• RAW DATA:
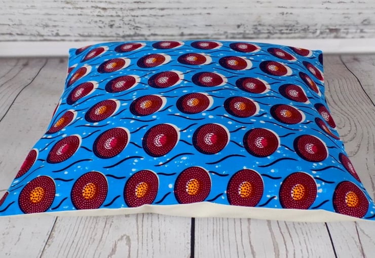 African wax print cushion cover: burgundy, White, deep pink and yellow disks on bright blue. Good quality 100% cotton fabric. Backed with natural calico cotton. Envelope-style closure.
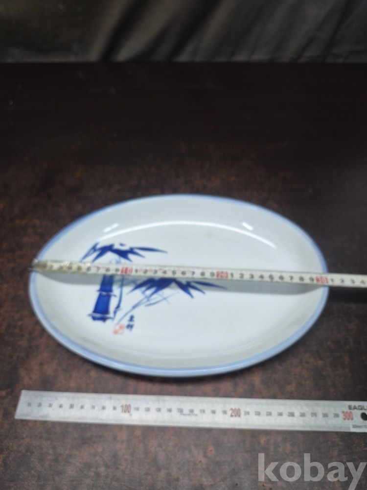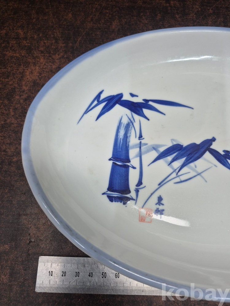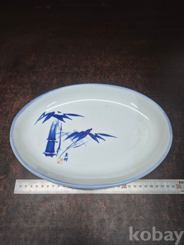 1970-80년대 도자기 접시 대나무 문양이 그려진 일산낙관 있음 31*22*4
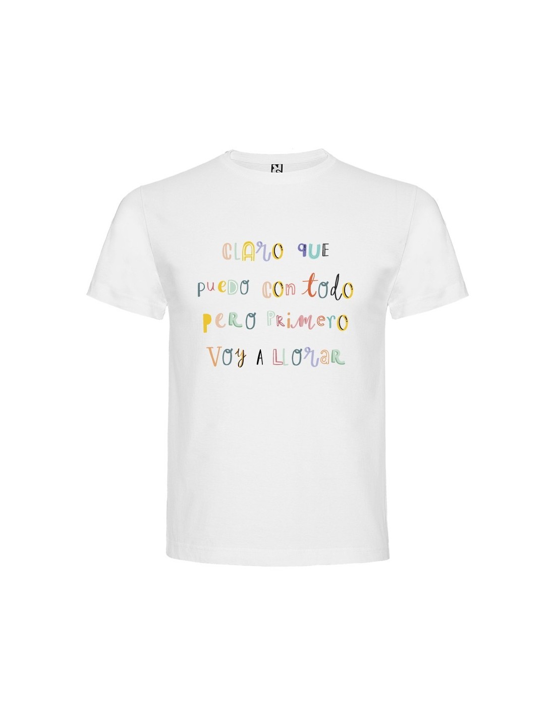 Original camiseta blanca decorada con el dibujo de un avión y el mensaje "claro que puedo con todo pero primero voy a llorar".
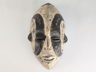 | #17 | Masque africain sculpté sur bois et peint à la main, mesurant 11.5 pouces de hauteur Masque africain sculpté sur bois et peint à la main, mesurant 11.5 pouces de hauteur | ||
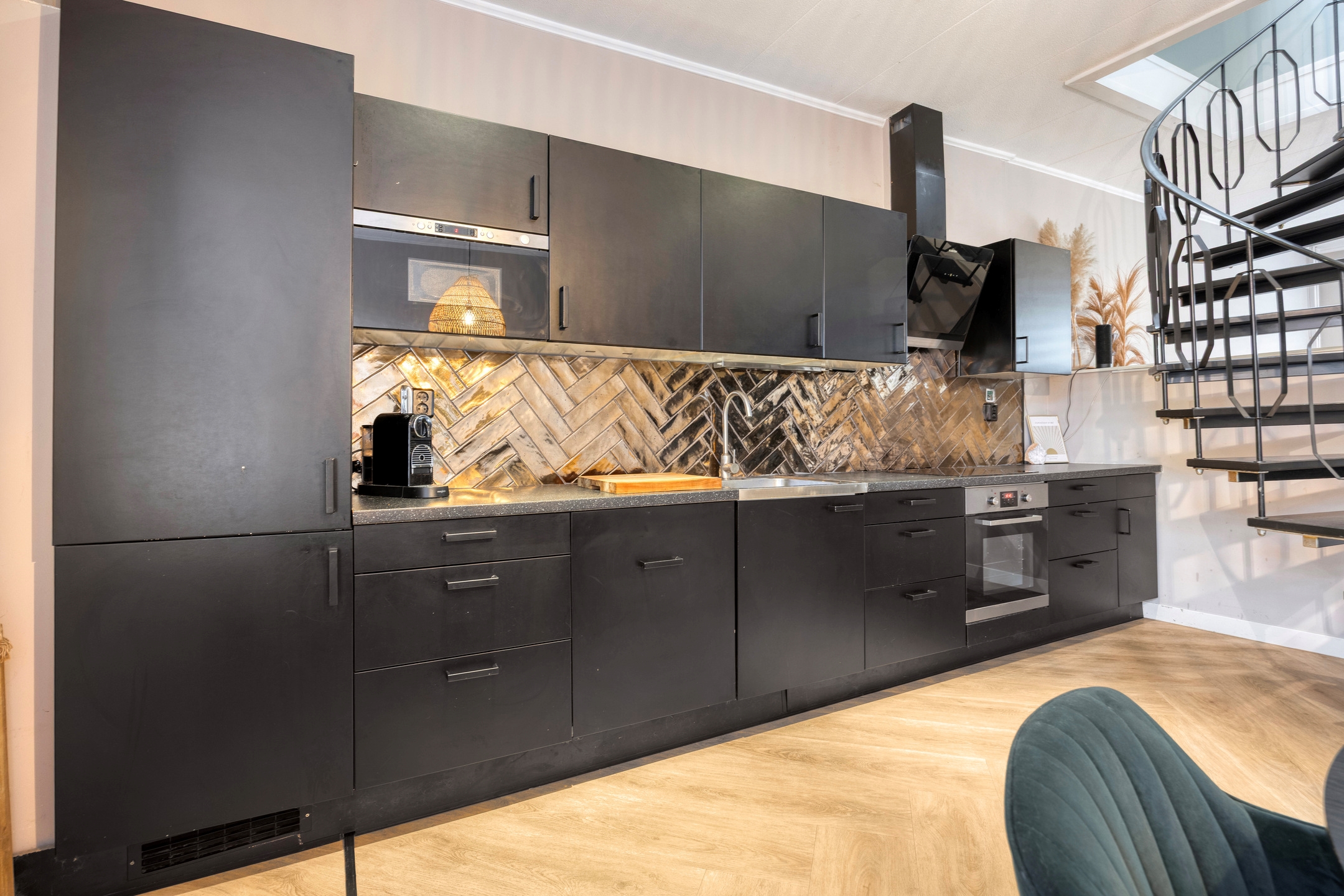 Keuken, een open woonkeuken aan de achterzijde, voorzien van een recht keukenblok, beschikt over een inductiekookplaat met afzuigkap, oven, vaatwasser en een koel/vriescombinatie.
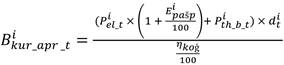 – patērētā kurināmā apjoms (MWh), kas nepieciešams komersanta koģenerācijas stacijas darbības nodrošināšanai, kalendāra gada t kalendāra mēnesī i. Nākotnes periodiem mēnesī patērētā kurināmā apjomu aprēķina kā pēdējo triju pilnu kalendāra gadu vidējo mēnesī patērētā kurināmā apjomu koģenerācijas stacijā;
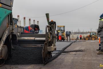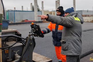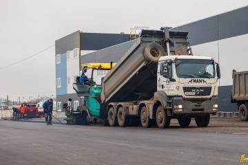 Асфальтирование:Произведено устройство мощного двухслойного асфальтобетонного покрытия общей толщиной 11 см. Такая толщина гарантирует устойчивость проездов и стоянок к нагрузкам от тяжелой спецтехники.
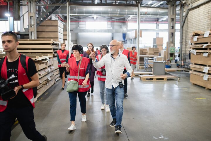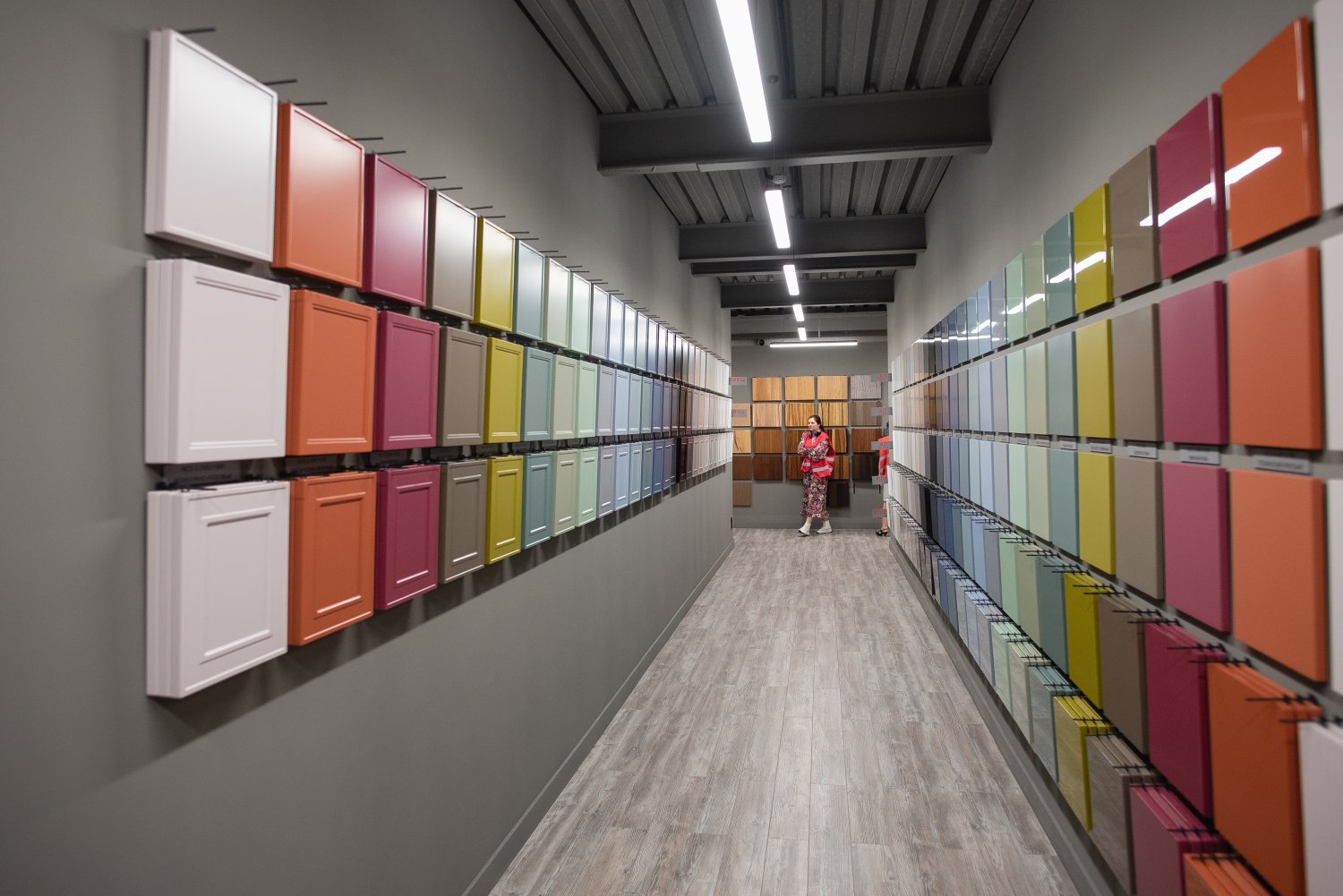 После посещения производства гостей провели в шоурум, в котором недавно появилась целая квартира, полностью оборудованная мебелью «Мария». Здесь клиент может посмотреть, как конкретная кухня, шкаф, прачечная, гардеробная или даже мягкая мебель, встраивается в дизайн помещения. Фабрика «Мария» производит не только кухни, покупатели имеют возможность заказать множество позиций различной мебели себе в квартиру. Также на фабрике есть специальное помещение, где презентованы более 1 000 фасадов разных форм, цветов и покрытий. И это далеко не весь ассортимент фабрики, а только подборка самых актуальных и популярных вариантов. Огромное разнообразие продуктов позволяет дизайнерам создавать для своих клиентов уникальные проекты.
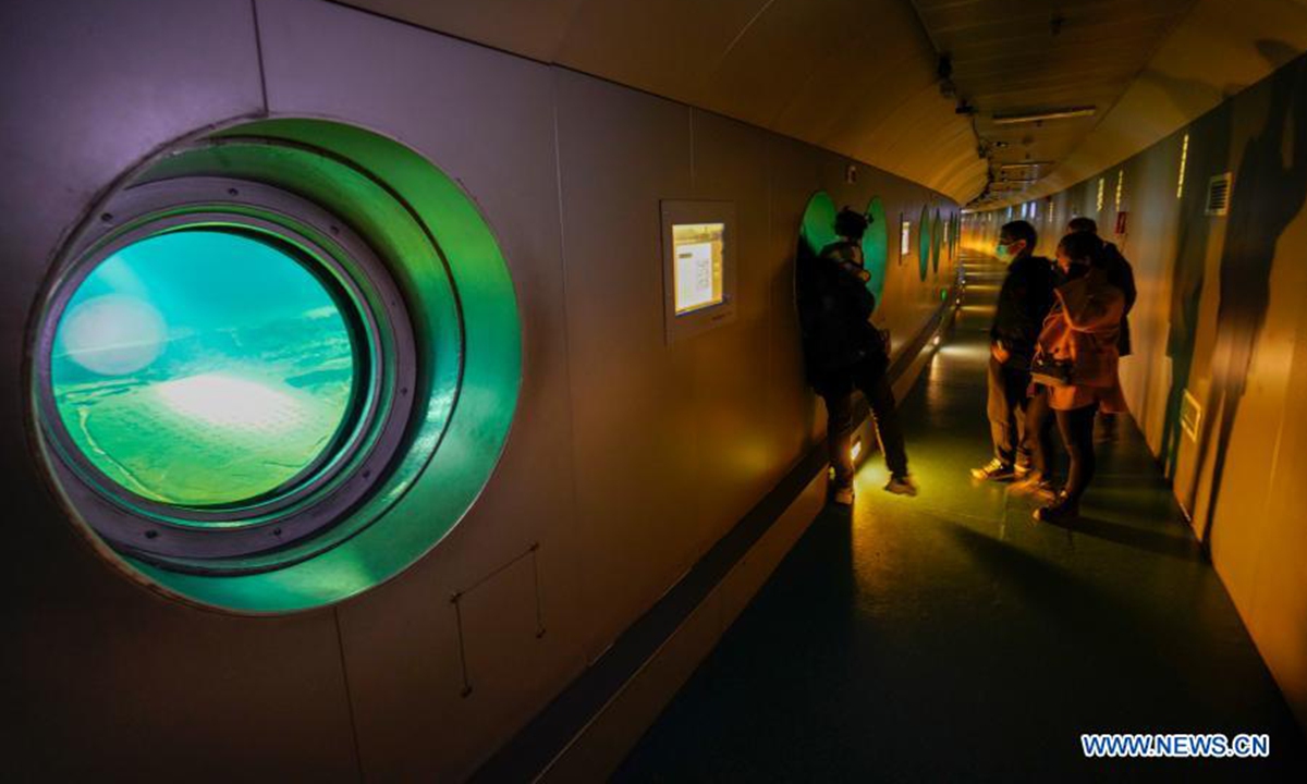 People visit Baiheliang Museum, China's first underwater museum built about 40 meters below surface in the upper reaches of the Yangtze River off the coast of Fuling City, southwest China's Chongqing Municipality, Feb. 21, 2021. (Xinhua/Liu Chan)
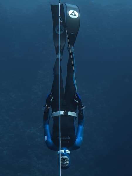 Traditionally, freedivers and spearos wear a belt with weight around their waist to set their buoyancy as needed. However, when we freedive, we want to place the weights in the most efficient position on our body. Compared to the use of a weight belt, a neck weight has significant advantages. Why? The weight is below our lungs during the descent, pulling us down, and resulting in an effortless dive, especially while freefalling.
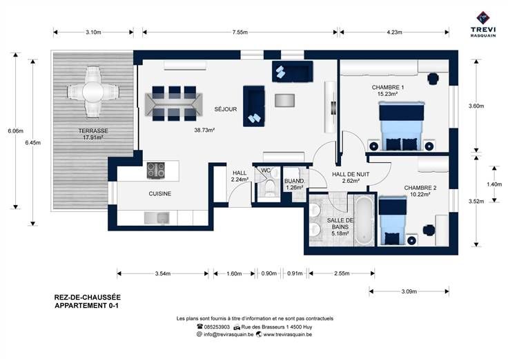 Sorry er is geen nederlandse vertaling beschikbaar. POSSIBILITE TVA à 6% !! Bénéficiant d'une situation unique, en bord de Meuse à Huy, Trevi Rasquain vous propose ce superbe rez-de-chaussée NEUF 2 ch (92 m²) situé dans une nouvelle Résidence de standing ! Il se compose comme suit : hall d'entrée, séjour de 40 m² avec cuisine équipée, hall de nuit, salle de douche, wc séparé, buanderie, 2 chambres (15 et 10 m²). Il dispose également d'une terrasse de 18 m² et un jardinet privatif. Cave et emplacement de parking extérieur (en supplément du prix affiché). APPARTEMENT VENDU ENTIEREMENT FINI !! Matériaux et équipements de qualité : PEB B, châssis dbl vitr. alu, chauff. centr. gaz de ville (chaudière à condensation), compteurs individuels, isolation (thermique et acoustique) performante. PLUS QUE 5 APPARTEMENTS DISPONIBLES !! LIVRAISON PREVUE OCTOBRE 2024. Photos indicatives, poss. carrelages/cuisine/sdb de coloris différents. Plans, informations et prix détaillé via l'agence.

• ABOUT THIS EXERCISE:
Each line above should be returned exactly as written, apart from any pictures.

• TASK RESPONSE:
 African wax print cushion cover: burgundy, White, deep pink and yellow disks on bright blue. Good quality 100% cotton fabric. Backed with natural calico cotton. Envelope-style closure.
 1970-80년대 도자기 접시 대나무 문양이 그려진 일산낙관 있음 31*22*4
 Original camiseta blanca decorada con el dibujo de un avión y el mensaje "claro que puedo con todo pero primero voy a llorar".
 | #17 | Masque africain sculpté sur bois et peint à la main, mesurant 11.5 pouces de hauteur Masque africain sculpté sur bois et peint à la main, mesurant 11.5 pouces de hauteur | ||
 Keuken, een open woonkeuken aan de achterzijde, voorzien van een recht keukenblok, beschikt over een inductiekookplaat met afzuigkap, oven, vaatwasser en een koel/vriescombinatie.
 – patērētā kurināmā apjoms (MWh), kas nepieciešams komersanta koģenerācijas stacijas darbības nodrošināšanai, kalendāra gada t kalendāra mēnesī i. Nākotnes periodiem mēnesī patērētā kurināmā apjomu aprēķina kā pēdējo triju pilnu kalendāra gadu vidējo mēnesī patērētā kurināmā apjomu koģenerācijas stacijā;
 Асфальтирование:Произведено устройство мощного двухслойного асфальтобетонного покрытия общей толщиной 11 см. Такая толщина гарантирует устойчивость проездов и стоянок к нагрузкам от тяжелой спецтехники.
 После посещения производства гостей провели в шоурум, в котором недавно появилась целая квартира, полностью оборудованная мебелью «Мария». Здесь клиент может посмотреть, как конкретная кухня, шкаф, прачечная, гардеробная или даже мягкая мебель, встраивается в дизайн помещения. Фабрика «Мария» производит не только кухни, покупатели имеют возможность заказать множество позиций различной мебели себе в квартиру. Также на фабрике есть специальное помещение, где презентованы более 1 000 фасадов разных форм, цветов и покрытий. И это далеко не весь ассортимент фабрики, а только подборка самых актуальных и популярных вариантов. Огромное разнообразие продуктов позволяет дизайнерам создавать для своих клиентов уникальные проекты.
 People visit Baiheliang Museum, China's first underwater museum built about 40 meters below surface in the upper reaches of the Yangtze River off the coast of Fuling City, southwest China's Chongqing Municipality, Feb. 21, 2021. (Xinhua/Liu Chan)
 Traditionally, freedivers and spearos wear a belt with weight around their waist to set their buoyancy as needed. However, when we freedive, we want to place the weights in the most efficient position on our body. Compared to the use of a weight belt, a neck weight has significant advantages. Why? The weight is below our lungs during the descent, pulling us down, and resulting in an effortless dive, especially while freefalling.
 Sorry er is geen nederlandse vertaling beschikbaar. POSSIBILITE TVA à 6% !! Bénéficiant d'une situation unique, en bord de Meuse à Huy, Trevi Rasquain vous propose ce superbe rez-de-chaussée NEUF 2 ch (92 m²) situé dans une nouvelle Résidence de standing ! Il se compose comme suit : hall d'entrée, séjour de 40 m² avec cuisine équipée, hall de nuit, salle de douche, wc séparé, buanderie, 2 chambres (15 et 10 m²). Il dispose également d'une terrasse de 18 m² et un jardinet privatif. Cave et emplacement de parking extérieur (en supplément du prix affiché). APPARTEMENT VENDU ENTIEREMENT FINI !! Matériaux et équipements de qualité : PEB B, châssis dbl vitr. alu, chauff. centr. gaz de ville (chaudière à condensation), compteurs individuels, isolation (thermique et acoustique) performante. PLUS QUE 5 APPARTEMENTS DISPONIBLES !! LIVRAISON PREVUE OCTOBRE 2024. Photos indicatives, poss. carrelages/cuisine/sdb de coloris différents. Plans, informations et prix détaillé via l'agence.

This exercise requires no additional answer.